Speaker: Anthony Tung, Simon Fraser

Title: Clustering in the Presence of Obstacles

Date: Thursday, 29 March 2001

Time: 2:00pm - 3:00pm

Venue: Room 2404, HKUST

Abstract:
Cluster analysis, which groups data for finding overall distribution, patterns and interesting correlations among data sets, has numerous applications in pattern recognition, spatial data analysis, image processing, market research, etc.. While much emphasis has been placed on improving the efficiency and effectiveness of clustering, few work has been done on incorporating user's domain constraints into clustering.

In this talk, we will look at the problem of clustering under physical constraints. Our problem instance consists of a two dimensional region with a set of points to be clustered and a set of polygons which represent physical obstacles like lakes, rivers and highways. Closeness between two points are measured by their obstructed distance i.e. distance of the shortest path between them such that all obstacles are avoided. As clustering is performed using the obstructed distance, we called this problem a COD (Clustering with Obstructed Distance) problem.

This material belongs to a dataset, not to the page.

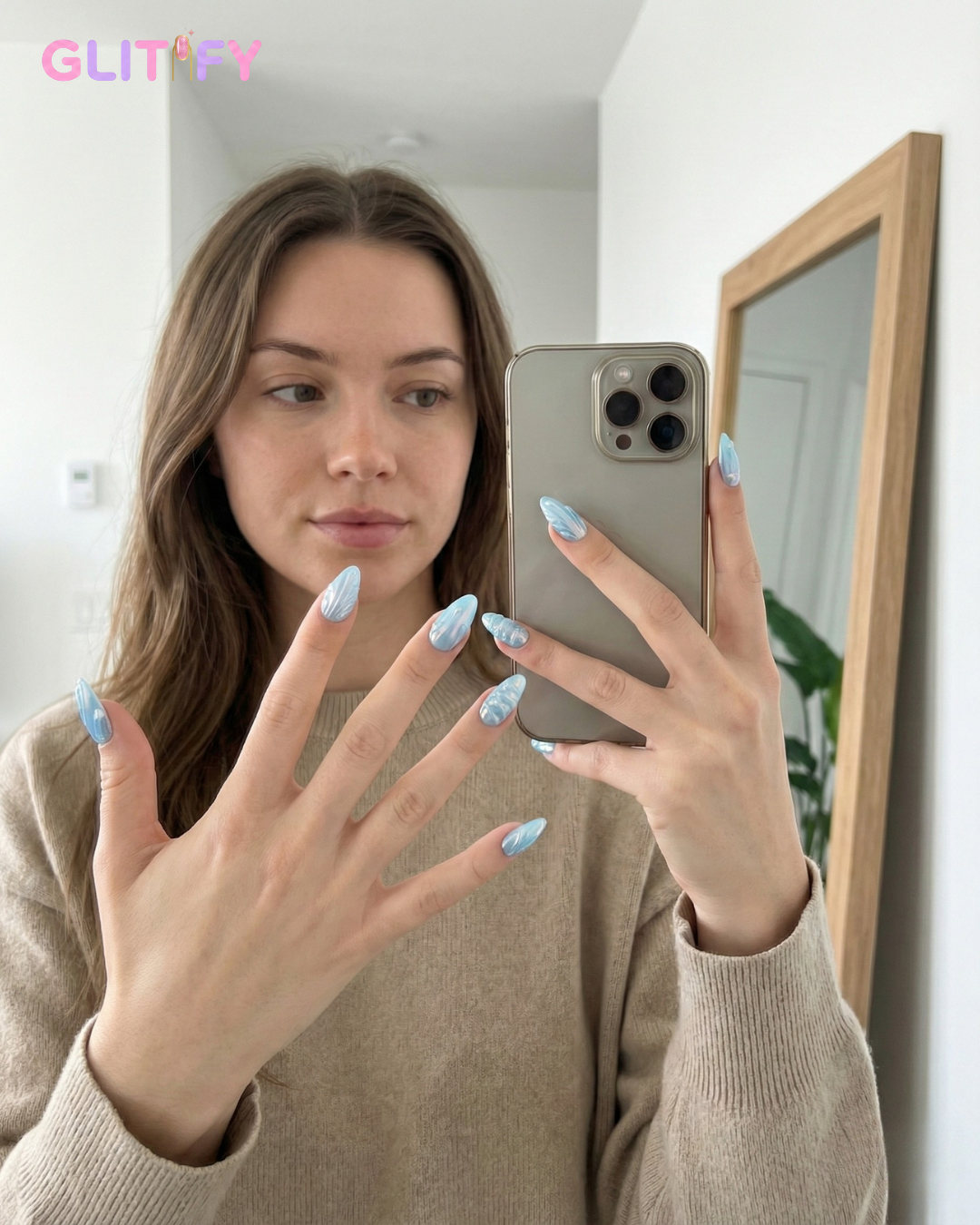 The white strokes and pearl accents add a lifted, airy feel, almost like sunlight dancing across water. It’s bold without shouting, artistic without trying too hard.

As a solution to this problem, we propose a scalable clustering algorithm, called COD-CLARANS. We will look at various forms of pre-processed information that could enhance the efficiency of COD-CLARANS. In the strictest sense, the COD problem can be treated as a change in distance function and thus could be handled by existing clustering algorithms by modifying the distance function. However, we show that by pushing the task of handling obstacles into COD-CLARANS instead of abstracting it at the distance function level, more optimization can be achieved in the form of a pruning function. We will look at various performance studies to show that COD-CLARANS is both efficient and effective.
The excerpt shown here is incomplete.